- RECORDS FOR THIS EXERCISE
*** Begin section ***
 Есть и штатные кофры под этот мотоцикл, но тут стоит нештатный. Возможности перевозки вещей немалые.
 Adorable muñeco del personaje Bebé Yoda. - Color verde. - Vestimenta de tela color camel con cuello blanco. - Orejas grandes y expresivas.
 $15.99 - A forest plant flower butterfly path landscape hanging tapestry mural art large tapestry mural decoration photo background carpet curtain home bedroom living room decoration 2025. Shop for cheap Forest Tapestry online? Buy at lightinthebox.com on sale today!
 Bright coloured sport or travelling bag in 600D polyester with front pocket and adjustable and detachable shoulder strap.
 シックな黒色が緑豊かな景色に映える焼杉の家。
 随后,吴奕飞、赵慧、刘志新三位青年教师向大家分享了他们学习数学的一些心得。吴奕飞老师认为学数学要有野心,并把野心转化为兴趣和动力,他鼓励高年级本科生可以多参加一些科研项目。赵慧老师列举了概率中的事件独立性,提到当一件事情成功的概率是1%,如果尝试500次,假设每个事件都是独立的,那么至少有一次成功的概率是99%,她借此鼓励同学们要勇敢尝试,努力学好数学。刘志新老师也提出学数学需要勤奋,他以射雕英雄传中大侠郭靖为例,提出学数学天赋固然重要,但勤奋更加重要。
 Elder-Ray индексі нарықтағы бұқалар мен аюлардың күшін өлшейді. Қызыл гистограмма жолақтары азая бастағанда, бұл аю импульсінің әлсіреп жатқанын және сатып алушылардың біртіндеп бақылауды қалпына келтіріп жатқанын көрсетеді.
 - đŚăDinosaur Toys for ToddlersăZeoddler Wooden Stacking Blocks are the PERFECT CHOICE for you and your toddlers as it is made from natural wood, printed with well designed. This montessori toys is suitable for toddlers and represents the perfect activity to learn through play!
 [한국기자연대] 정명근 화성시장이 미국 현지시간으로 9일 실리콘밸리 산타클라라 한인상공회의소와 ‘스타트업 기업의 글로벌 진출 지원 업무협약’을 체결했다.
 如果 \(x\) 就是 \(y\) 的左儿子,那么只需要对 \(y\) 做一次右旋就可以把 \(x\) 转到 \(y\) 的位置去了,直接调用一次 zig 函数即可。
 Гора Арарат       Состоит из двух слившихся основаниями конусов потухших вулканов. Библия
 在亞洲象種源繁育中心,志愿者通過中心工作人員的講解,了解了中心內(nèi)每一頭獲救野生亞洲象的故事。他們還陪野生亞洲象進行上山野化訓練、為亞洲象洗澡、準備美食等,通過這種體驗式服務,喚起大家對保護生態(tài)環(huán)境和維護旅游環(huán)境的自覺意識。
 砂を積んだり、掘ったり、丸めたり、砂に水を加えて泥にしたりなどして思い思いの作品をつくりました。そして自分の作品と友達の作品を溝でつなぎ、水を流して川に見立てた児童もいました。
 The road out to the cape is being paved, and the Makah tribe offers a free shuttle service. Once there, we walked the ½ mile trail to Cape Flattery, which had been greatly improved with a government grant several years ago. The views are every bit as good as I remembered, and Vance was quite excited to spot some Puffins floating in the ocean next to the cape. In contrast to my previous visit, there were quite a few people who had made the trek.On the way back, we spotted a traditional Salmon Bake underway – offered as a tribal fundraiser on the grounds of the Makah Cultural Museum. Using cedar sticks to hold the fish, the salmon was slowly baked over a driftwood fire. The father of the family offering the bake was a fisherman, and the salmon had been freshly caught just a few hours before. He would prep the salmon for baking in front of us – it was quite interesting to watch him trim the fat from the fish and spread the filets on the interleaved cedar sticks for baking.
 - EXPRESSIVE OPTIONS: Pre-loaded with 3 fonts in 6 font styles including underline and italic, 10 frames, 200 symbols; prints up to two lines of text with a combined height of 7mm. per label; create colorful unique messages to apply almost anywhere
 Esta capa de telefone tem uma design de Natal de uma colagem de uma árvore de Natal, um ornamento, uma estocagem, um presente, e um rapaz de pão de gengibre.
*** End section ***
- WORK REQUEST
Starting at the first line of the material above, reproduce each line exactly up to and including the line with "砂を積んだり、掘ったり、丸め".

- YOUR RESPONSE
 Есть и штатные кофры под этот мотоцикл, но тут стоит нештатный. Возможности перевозки вещей немалые.
 Adorable muñeco del personaje Bebé Yoda. - Color verde. - Vestimenta de tela color camel con cuello blanco. - Orejas grandes y expresivas.
 $15.99 - A forest plant flower butterfly path landscape hanging tapestry mural art large tapestry mural decoration photo background carpet curtain home bedroom living room decoration 2025. Shop for cheap Forest Tapestry online? Buy at lightinthebox.com on sale today!
 Bright coloured sport or travelling bag in 600D polyester with front pocket and adjustable and detachable shoulder strap.
 シックな黒色が緑豊かな景色に映える焼杉の家。
 随后,吴奕飞、赵慧、刘志新三位青年教师向大家分享了他们学习数学的一些心得。吴奕飞老师认为学数学要有野心,并把野心转化为兴趣和动力,他鼓励高年级本科生可以多参加一些科研项目。赵慧老师列举了概率中的事件独立性,提到当一件事情成功的概率是1%,如果尝试500次,假设每个事件都是独立的,那么至少有一次成功的概率是99%,她借此鼓励同学们要勇敢尝试,努力学好数学。刘志新老师也提出学数学需要勤奋,他以射雕英雄传中大侠郭靖为例,提出学数学天赋固然重要,但勤奋更加重要。
 Elder-Ray индексі нарықтағы бұқалар мен аюлардың күшін өлшейді. Қызыл гистограмма жолақтары азая бастағанда, бұл аю импульсінің әлсіреп жатқанын және сатып алушылардың біртіндеп бақылауды қалпына келтіріп жатқанын көрсетеді.
 - đŚăDinosaur Toys for ToddlersăZeoddler Wooden Stacking Blocks are the PERFECT CHOICE for you and your toddlers as it is made from natural wood, printed with well designed. This montessori toys is suitable for toddlers and represents the perfect activity to learn through play!
 [한국기자연대] 정명근 화성시장이 미국 현지시간으로 9일 실리콘밸리 산타클라라 한인상공회의소와 ‘스타트업 기업의 글로벌 진출 지원 업무협약’을 체결했다.
 如果 \(x\) 就是 \(y\) 的左儿子,那么只需要对 \(y\) 做一次右旋就可以把 \(x\) 转到 \(y\) 的位置去了,直接调用一次 zig 函数即可。
 Гора Арарат       Состоит из двух слившихся основаниями конусов потухших вулканов. Библия
 在亞洲象種源繁育中心,志愿者通過中心工作人員的講解,了解了中心內(nèi)每一頭獲救野生亞洲象的故事。他們還陪野生亞洲象進行上山野化訓練、為亞洲象洗澡、準備美食等,通過這種體驗式服務,喚起大家對保護生態(tài)環(huán)境和維護旅游環(huán)境的自覺意識。
 砂を積んだり、掘ったり、丸めたり、砂に水を加えて泥にしたりなどして思い思いの作品をつくりました。そして自分の作品と友達の作品を溝でつなぎ、水を流して川に見立てた児童もいました。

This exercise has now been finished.